So from capturing that information, the unknown, let’s say, have now become the known. If I’ve been to a website, you now know that this is my email as Rich Wright. You know that I’m Rich Wright. And with marketing cloud personalization, you can append that history of what I’ve previously done on your website. You can look at all of the pages that I’ve spent time on and start to build up an affiliation of me and what’s probably going to be the purchase that I want to make based on the browsing history that I have or the engagement history that I have with you, and that’s all possible in MCP or or personalization. So when we use PII, my personal information, and that that digital affiliation, um, combined, we can really start to personalize my engagement to close out that sale or to get them to the bottom of that funnel, let’s say. So the use cases here would be around continuation of that web personalization. But now we have PII. We can start to personalize emails, personalize next best actions through email, through potentially through SMS to really get to that point of of purchase, let’s say, and, obviously, personalized personalized advertising. Now we know exactly who I am, what my data is, so we can target me much more specifically across all of the potential areas, Google, Meta, LinkedIn, whatever it may be, wherever your strategy is, about potentially the exact product that you think or know that I should be purchasing next. So the end game here is obviously to drive this out to get someone to make that purchase.
So, again, if we look here, bottom of the funnel is that action piece. You still got that, um, personalized next best action on the, uh, on the website. But rather than now clicking through to a capture form, that may drive straight through to a sale. Um, you know, input your details, click a button, purchase. Um, you can see then in the in the top right, very personalized email with a link to buy. Here’s your potentially abandoned cart. Click here. One click. Someone’s checked out. Away you go. Um, you’ve started to gain that more information. And then, obviously, a very nice thank you on your website wherever it may be after the purchase once that action is completed. That’s been the the desire, let’s say, for this whole time. At the end of the day, life cycle marketing is all about a sale, whether that’s the initial sale or the next sale or whatever it may be, it is all about that that purchase intent and and moving people down that funnel.
So amazing. You know, you’ve got action. You’ve got someone to make a purchase or to to complete the task that you want them to complete. But now what? And so many companies at this stage start to fall down. You know? They they start to forget about their existing customers in the hope of finding more new customers. Um, now there’s many, many stats out there in regards to the cost of acquiring a new customer versus the cost of keeping your current ones happy. I won’t try and remember them. Um, but we all know it is much cheaper to continue to keep your current customers happy and coming back for more than it is to continually advertise and find new customers. And, eventually, you’ll probably saturate the market, and there won’t be any new customers left. Right? So what are you doing from this stage to drive, as it says here, the next person purchase, the next best action, whether that’s a larger basket size next time, a cross selling to a new product, uh, repeat purchase of the same product, or delivery on that product or that service that the customer bought. But at this stage, your life cycle will very much start to fragment depending on what industry you’re in or what what your business does or or those types of things. Um, you know, the life cycle of a service based customer is very different to FMCG where someone is buying a bag of chips every week or or whatever else that may be. So really now starting to become cognizant of the different strategies based on buying patterns, buying life cycles, time to purchase, and all those things that that affect a life cycle, let’s say.

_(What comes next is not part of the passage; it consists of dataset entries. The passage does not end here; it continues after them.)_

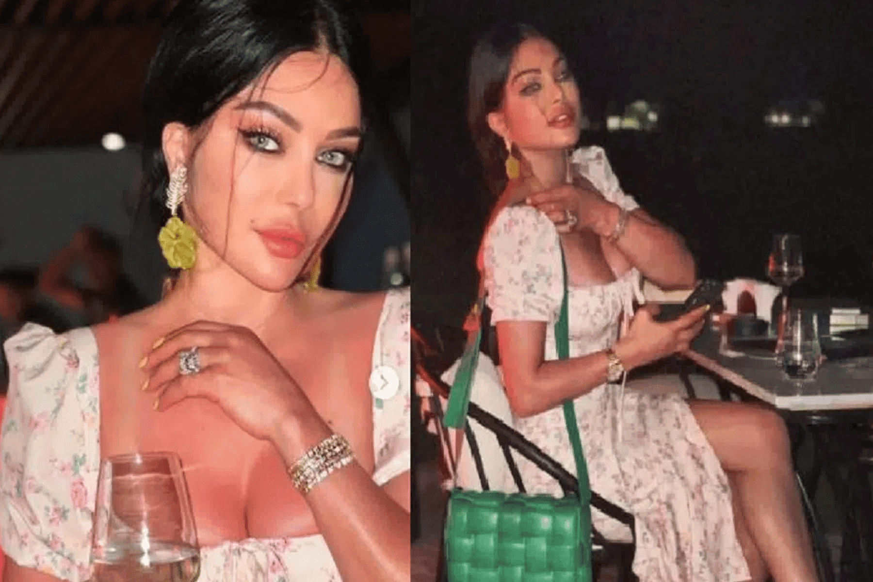وظهرت هيفاء وهبي في الصور التي نشرتها عبر حسابها الرسمي على (انستجرام)، بفستان أبيض بنقشة الورود، وفتحة طويلة لدى الساق، وأكمام قصيرة فضفاضة، وفتحة صدر جريئة.
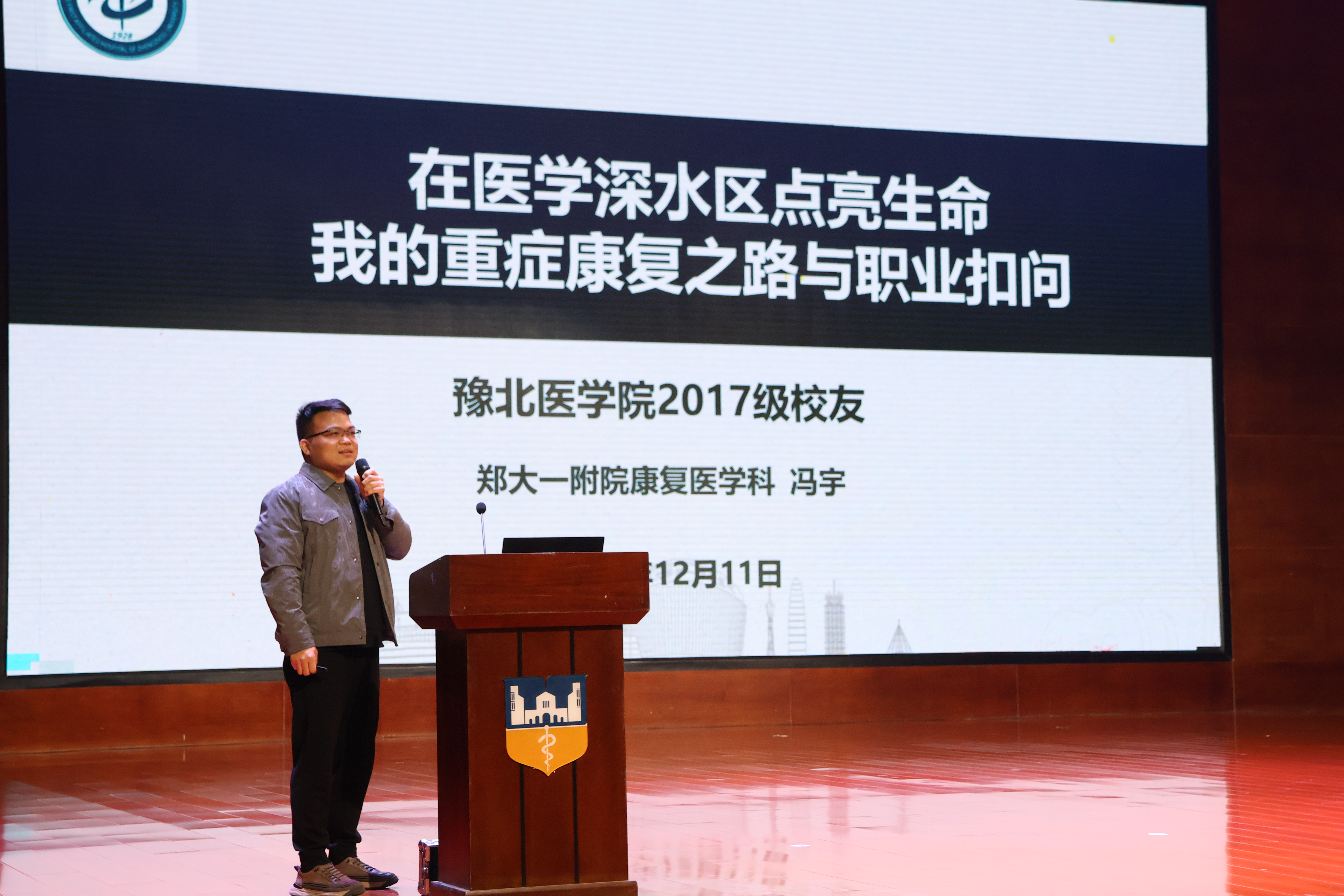 作为重症康复领域的“生命守护者”,我校2017届毕业生、现任郑州大学第一附属医院康复医学科康复前移组组长的冯宇,深耕重症康复这一医学“深水区”,用专业技术助力重症患者重启生命齿轮。讲座中,他结合自身从学生骨干到医学专家的成长轨迹,深入分享了重症康复领域的职业机遇与实践感悟,让学子们对医学专业的职业发展前景有了更清晰的认知。
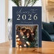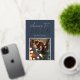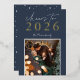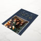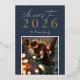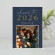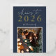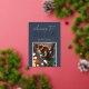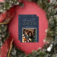 A festive and elegant New Year holiday card design featuring a favourite photo framed by a white deckled edge border on a navy blue background. "Cheers to [Year]" appears above in white hand lettered script and gold foil lettering. Personalise with your family name in handwritten script.
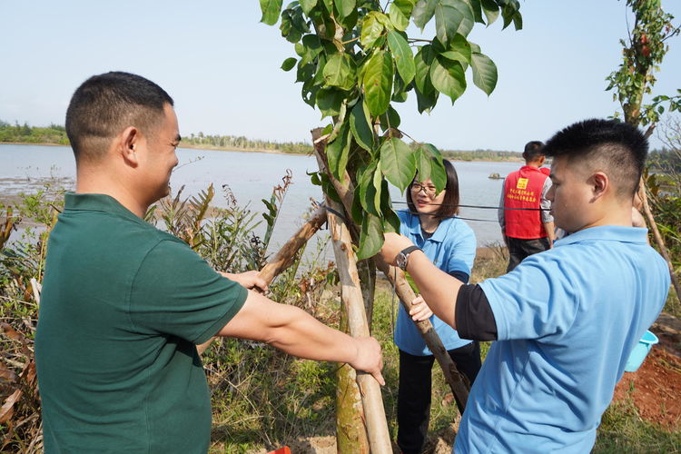 活動當(dāng)天,艷陽高照,晴空萬里,大家紛紛拿著鐵鍬,拎起水桶,以十足的干勁與熱情積極投入到植樹播種中,挖坑、放苗、扶正、填土、澆水,一氣呵成,全然不顧揮灑的汗水。在大家的分工合作下,一棵棵新栽苗木迎風(fēng)挺立,給初春的大地增添了盎然的生機和蓬勃的朝氣,形成了一道亮麗的風(fēng)景線。海南萬泰公司黨支部書記曹珊珊及部分黨員紛紛表示,將會把本次實踐活動的所學(xué)所感融入到今后工作與生活中,不斷提升自我,努力為建設(shè)美麗新海南不斷地添磚加瓦。
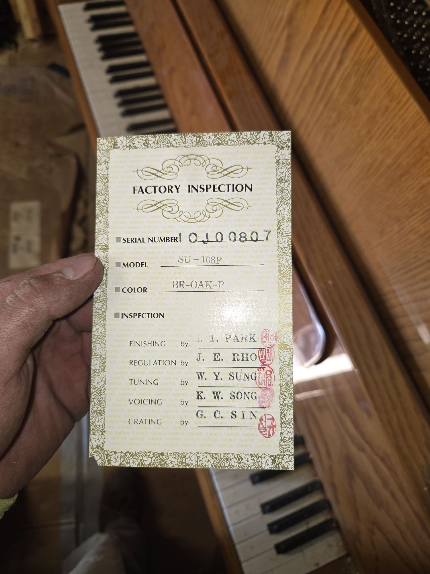 SAMICK MODEL SU-108P PIANO
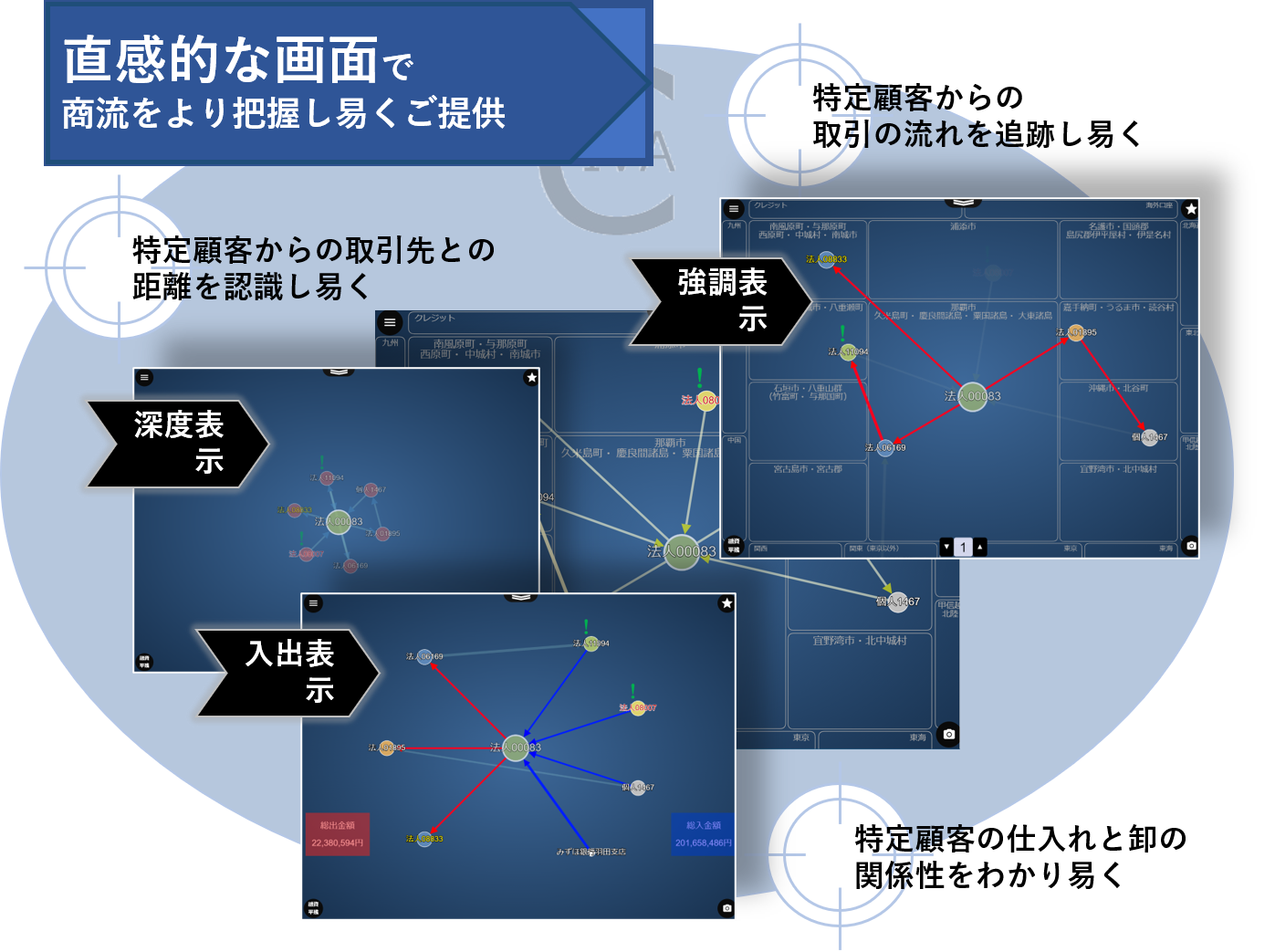 金融機関の持つ口座間の取引情報から、顧客間の取引を繋がりとし商流がビジュアルに表現されることで、新たな気づきを得ることができます。
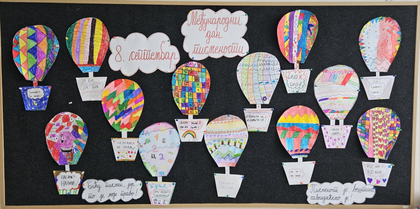 Међународни дан писмености обележили смо 8. септембра. Ученици су се кроз пригодну презентацију, коју је направила библиотекарка Драгана Рашуо, подсетили значаја писмености, да је то право сваког човека и да је то вештина коју ћемо уз труд заједно савладати. Затим су се у оквиру својих одељења, са својим учитељима и наставницима, на различите начине, кроз игру, креативне радионице, писање писма, израду одељенских паноа, подсетили правописних правила и истакли важност богађења и неговања српског језика.
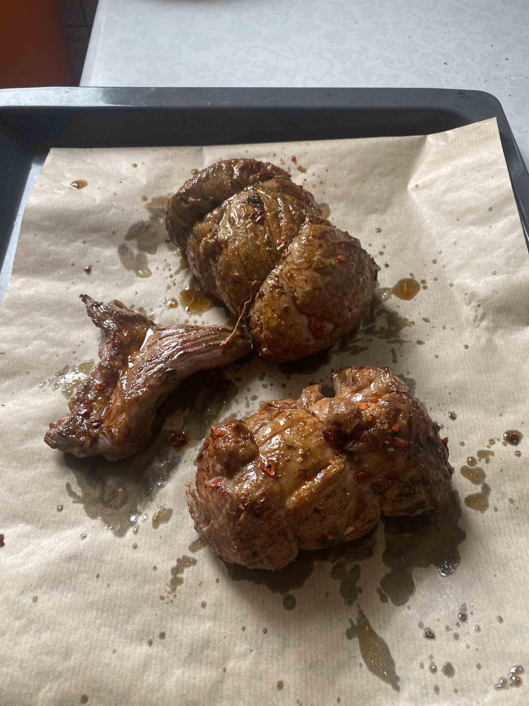 Предварительно замариновал мясо в тимьяне/розмарине/укропе/перце на часов 15. Дальше обжарил, обмазал маринадом и в духовку.
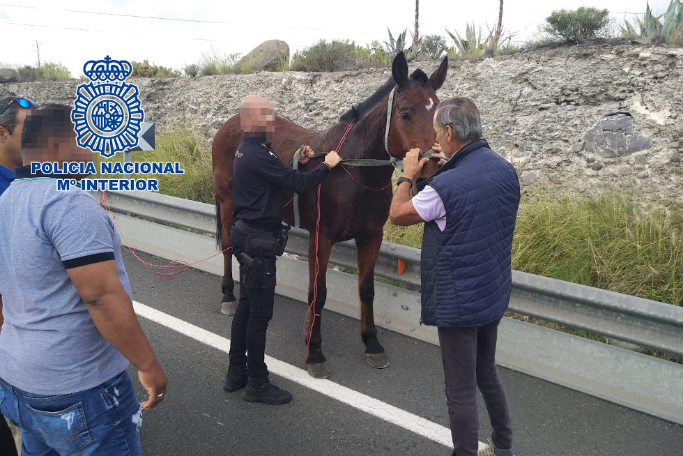 La Policia Nacional intercepta y pone a salvo un caballo sin jinete en una vía de Gran Canaria
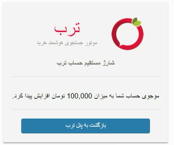 سپس یکی از مبالغ پیشنهادی را از منوی کشویی انتخاب کرده و روی گزینه پرداخت کلیک نمایید تا به درگاه پرداخت متصل شوید. پس از پرداخت موفق، به پنل ترب برمیگردید و پیام تایید پرداخت را مشاهده خواهید کرد.

Um, but some very poor important next steps could be things like getting some NPS. You know? How how did that person get to purchase? How difficult was it to get to that purchase? Gaining feedback on that means you’re gonna improve that funnel, that journey. You know? Oh, experience was amazing, but you when I went to check out, it was very difficult to put in my credit card details or to check out or whatever else. That is invaluable information in being able to improve that for your next customers because if things are too difficult, people will stop to do them or find somewhere where the customer experience is easier. So those things are super, super important. Um, and that could become the nice start of, let’s say, an onboarding journey. Amazing. You’ve purchased. Thank you. Give us some feedback. Now here’s how we take you on to those next steps, whether it’s cross sell, larger basket, whatever it may be. Um, and it’s at this stage really you need to consider how are you going to engage with your new customers to drive loyalty, and and what does that engagement look like? I said at the start, you know, there’s a lot of companies without a cohesive strategy where a text message comes out of one system and an email out of another, and there’s no personalization. Sometimes companies don’t even have an area where people can subscribe or unsubscribe or know what they’re subscribing to. All of these factors come into a a very strong customer experience and data and platform strategy.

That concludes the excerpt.